Task item:
Leaving the pictures aside, reproduce the data in full and word for word.

Dataset excerpt:
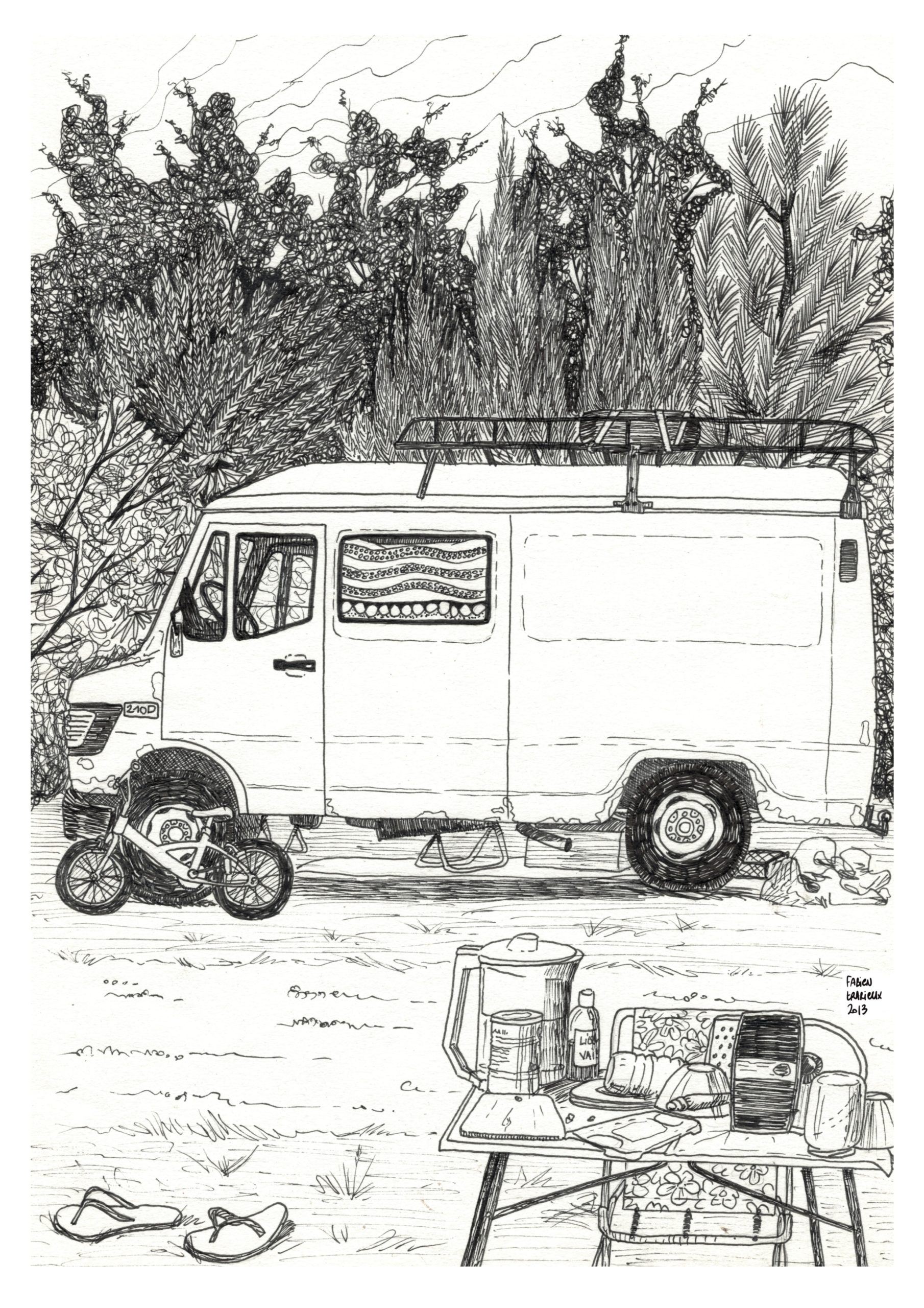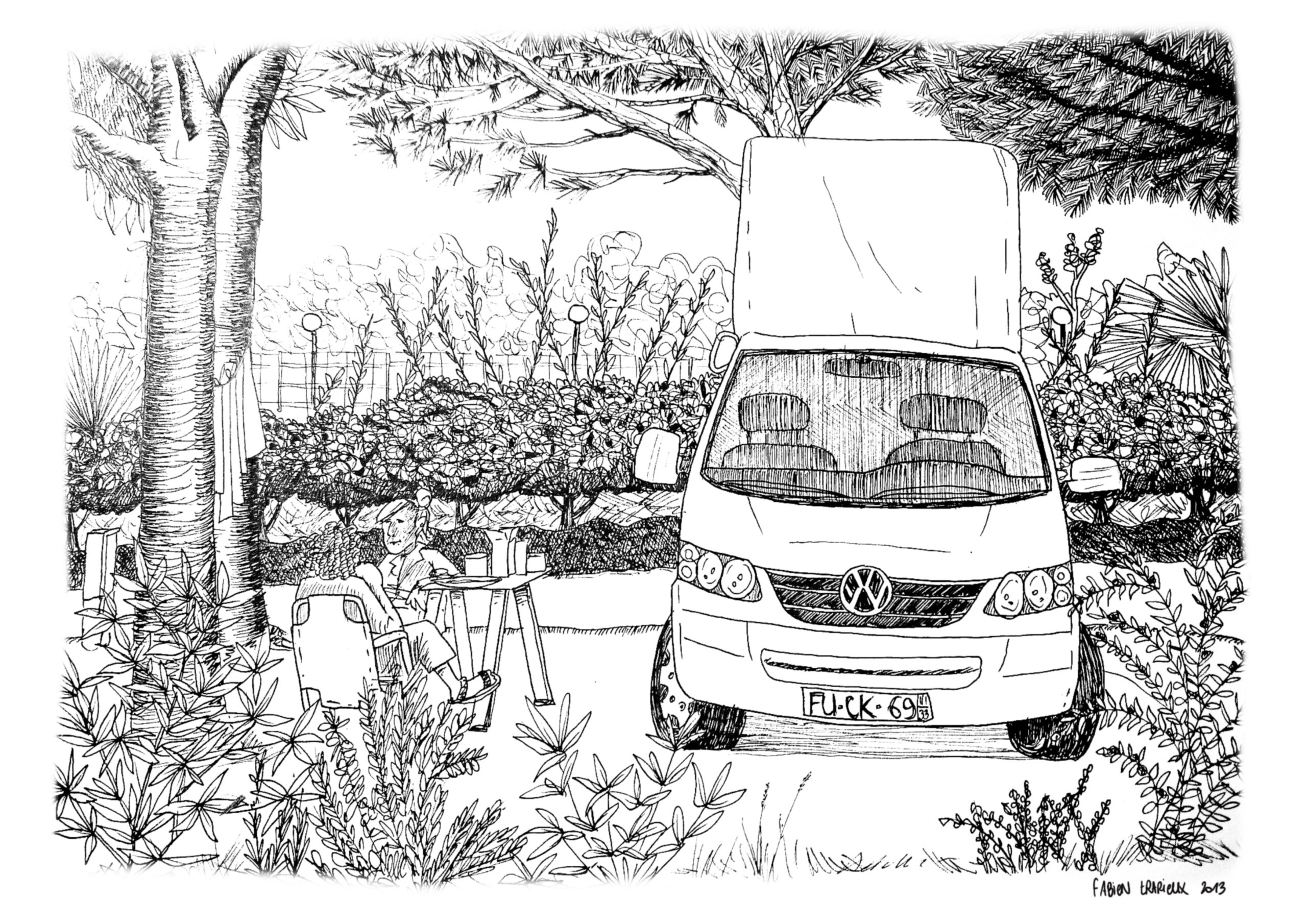 Depuis l’enfance, le dessin m’accompagne. Marges de cahiers, affiches pour le bar familial, puis, dès 2011, mes premières planches de bande dessinée inspirées par Trondheim, Larcenet, Giraud ou Boulet. Entre récits intimes et humour absurde, le trait devient exutoire.
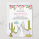 Easily personalise this cute invitation with your own event information. Design features cute and colourful llama and cacti artwork with pink flowers. Purchase as instant download or have invitations shipped directly to your home.
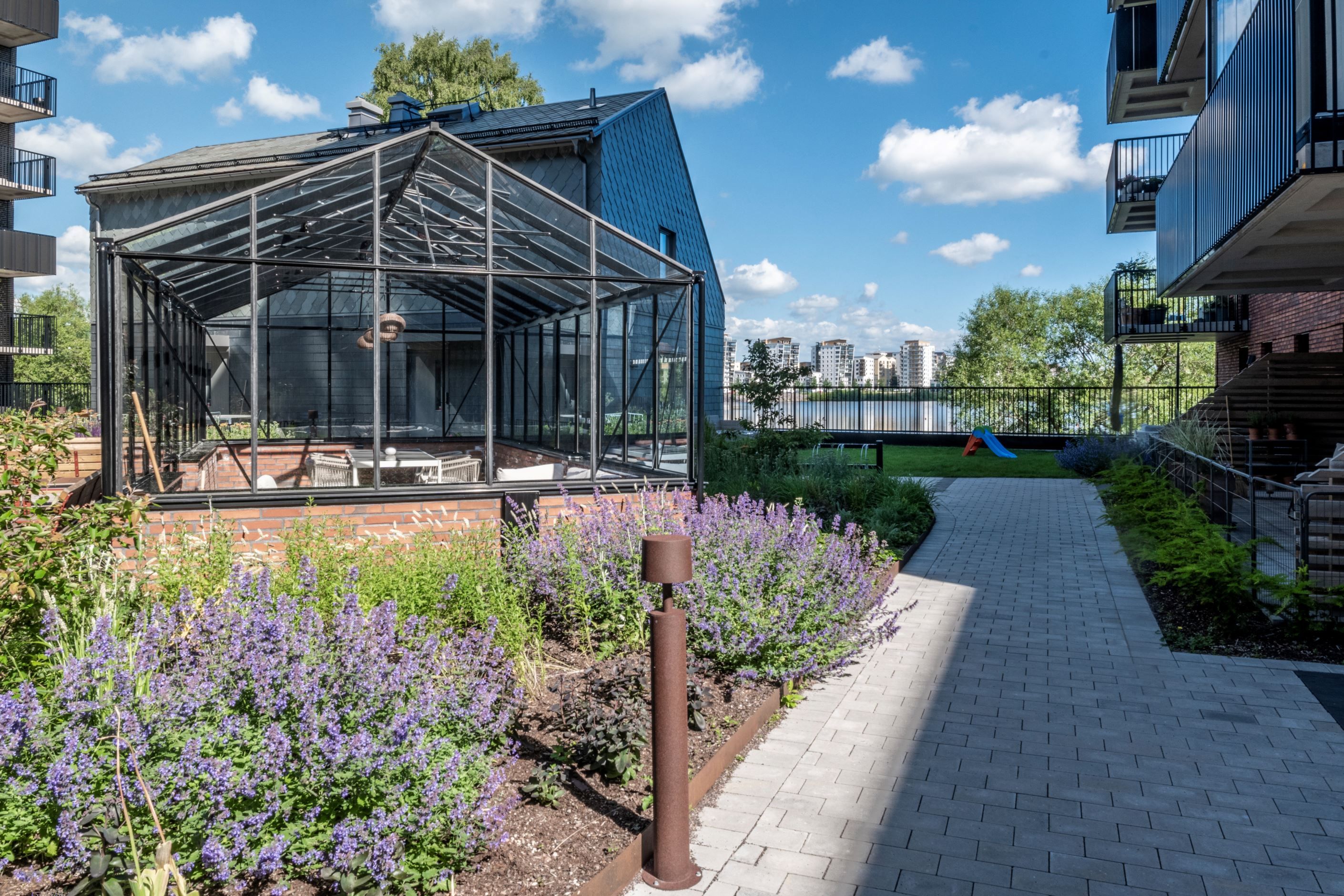 Denna lägenhet erbjuder det bästa av två världar! Markplansfördelar med enkel tillgång till den privata innergården som gör vardagen smidig och bjuder radhuskänsla i bostadsrättsform. En fantastisk sjöutsikt från våning 1 utan insyn från förbipasserande. Gäster som kommer på besök uttrycker alltid beundran av utsikten som de slås av direkt när de kliver in i lägenheten. Att kliva upp här på morgonen med soluppgångens rosaskimrande ljus över sjön är något alldeles extra. Nu står den nybyggda parken äntligen klar och området utvecklas snabbt. Dessutom bjuder denna lägenhet dubbla badrum vilket är sällsynt unikt för en trerummare.
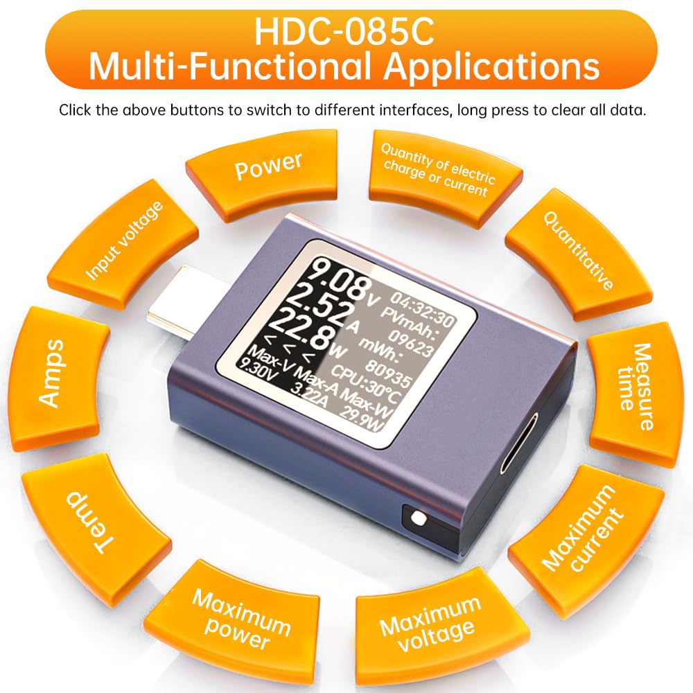 【Multifunctional USB C Energy Meter】Usb c tester Designed to detect the charging standing and strategy of USB-C units. Helps PD3.1 48V, PD2.0, PD3.0, PPS, OC2.0, QC3.0, FCP, SCPAFC, PE, DASH VOOC, SuperV00C and extra protocols. Help to detect charging efficiency of USB-C chargers, cables, energy banks, wi-fi chargers, laptops, smartphones, and different USB-C units. With a measurement accuracy corresponding to professional-grade devices at ±0.1%, it’s a necessary instrument for testing USB-C ports.

Final answer:
 Depuis l’enfance, le dessin m’accompagne. Marges de cahiers, affiches pour le bar familial, puis, dès 2011, mes premières planches de bande dessinée inspirées par Trondheim, Larcenet, Giraud ou Boulet. Entre récits intimes et humour absurde, le trait devient exutoire.
 Easily personalise this cute invitation with your own event information. Design features cute and colourful llama and cacti artwork with pink flowers. Purchase as instant download or have invitations shipped directly to your home.
 Denna lägenhet erbjuder det bästa av två världar! Markplansfördelar med enkel tillgång till den privata innergården som gör vardagen smidig och bjuder radhuskänsla i bostadsrättsform. En fantastisk sjöutsikt från våning 1 utan insyn från förbipasserande. Gäster som kommer på besök uttrycker alltid beundran av utsikten som de slås av direkt när de kliver in i lägenheten. Att kliva upp här på morgonen med soluppgångens rosaskimrande ljus över sjön är något alldeles extra. Nu står den nybyggda parken äntligen klar och området utvecklas snabbt. Dessutom bjuder denna lägenhet dubbla badrum vilket är sällsynt unikt för en trerummare.
 【Multifunctional USB C Energy Meter】Usb c tester Designed to detect the charging standing and strategy of USB-C units. Helps PD3.1 48V, PD2.0, PD3.0, PPS, OC2.0, QC3.0, FCP, SCPAFC, PE, DASH VOOC, SuperV00C and extra protocols. Help to detect charging efficiency of USB-C chargers, cables, energy banks, wi-fi chargers, laptops, smartphones, and different USB-C units. With a measurement accuracy corresponding to professional-grade devices at ±0.1%, it’s a necessary instrument for testing USB-C ports.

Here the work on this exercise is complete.